Of course, the term “typical Wolf School day” is kind of an oxymoron. With such an immersive model designed to adapt to so many individual learning styles, there is no such thing as a typical day. “There is no end point,” Johnson says of the school’s approach to curriculum. “It’s constantly evolving. We never know what to expect.” Esposito elaborates, explaining that the school’s model is not so much about learning a specific curriculum as it is about learning, period. “The kids are taught how to learn, how to deal with their differences,” she says. “They need to understand who they are as learners before they can begin to learn.”
After the inaugural 1999-2000 school year, Wolf grew by about a classroom a year until 2004, when it moved out of the JCC and into its current East Providence home. In 2005, it added the Pelson Center Gym and Sensory Arena. This unique facility allows students to more fully learn through movement. The gym and arena are designed to accommodate children who can be easily overwhelmed by environmental stimuli – it’s much quieter and more hospitable than the harsh, echoing spaces you might remember from your own school years.
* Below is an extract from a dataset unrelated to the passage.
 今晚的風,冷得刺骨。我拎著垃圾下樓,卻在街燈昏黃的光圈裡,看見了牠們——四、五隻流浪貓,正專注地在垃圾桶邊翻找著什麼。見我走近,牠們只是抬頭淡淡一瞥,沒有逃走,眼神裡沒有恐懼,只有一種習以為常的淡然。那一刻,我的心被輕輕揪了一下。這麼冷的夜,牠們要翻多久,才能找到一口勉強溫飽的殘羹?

In those friendly confines, children who struggle with motor skills can practice things like “pillow polo” or engage in activities like the aforementioned rock wall math lesson.
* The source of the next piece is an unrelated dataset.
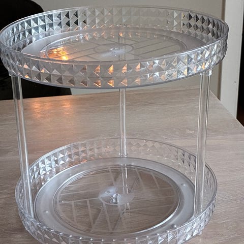 Roterende oppbevaringsstativ for sminke og annet fra Clas Ohlson selges. Pent brukt og roterer som det skal.

At present, the Wolf School boasts its highest ever enrollment, with 55 students spread across eight classrooms ranging from kindergarten to eighth grade. Approximately a third of those students are more traditional private school enrollments (albeit with nontraditional needs); another third receive financial aid; and the final third are out-of-district enrollments: students from public schools that are not equipped to accommodate the child’s needs. Those enrollments are funded by the respective school districts.
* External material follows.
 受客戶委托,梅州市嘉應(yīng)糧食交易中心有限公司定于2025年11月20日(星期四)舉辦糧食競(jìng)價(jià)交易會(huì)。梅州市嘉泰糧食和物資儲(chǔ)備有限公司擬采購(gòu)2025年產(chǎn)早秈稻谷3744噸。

Despite the adaptive curriculum, the Wolf School maintains rigorous stan- dards. It is accredited for special education and abides by Common Core. Teachers are given ample planning time to collaborate, compare notes, and address the unique and varied challenges of the student body. At any given time, teachers might be applying six or seven different approaches to reading so that no student is allowed to slip through the cracks. The end goal is to prepare students to move beyond the Wolf School and work towards, “whatever success means for them,” as Johnson puts it. They’ve had over 70 alumni successfully move on from the school. One graduated from a four-year college and may pursue a master’s in social work. Another is currently in a traditional high school and thinking about starting a business after graduation. Another is a volunteer firefighter and hoping to pursue it professionally. Still another arrived in third grade unable to tie his own shoes, and by eighth grade starred in the school play and was reading at grade level.
And then there is Ben Lorber. Despite his prediction that he would grow up to be “a stupid man,” Ben is in his second year at Bard College, studying Russian and pursuing journalism and human rights. He’s looking into an internship in Budapest, Hungary. Perhaps even more interesting is the ripple effect of his experience: his sister is now planning to become an occupational therapist. “I don’t think he’d be where he is today without Wolf,” Leslie says. “It’s a special place.”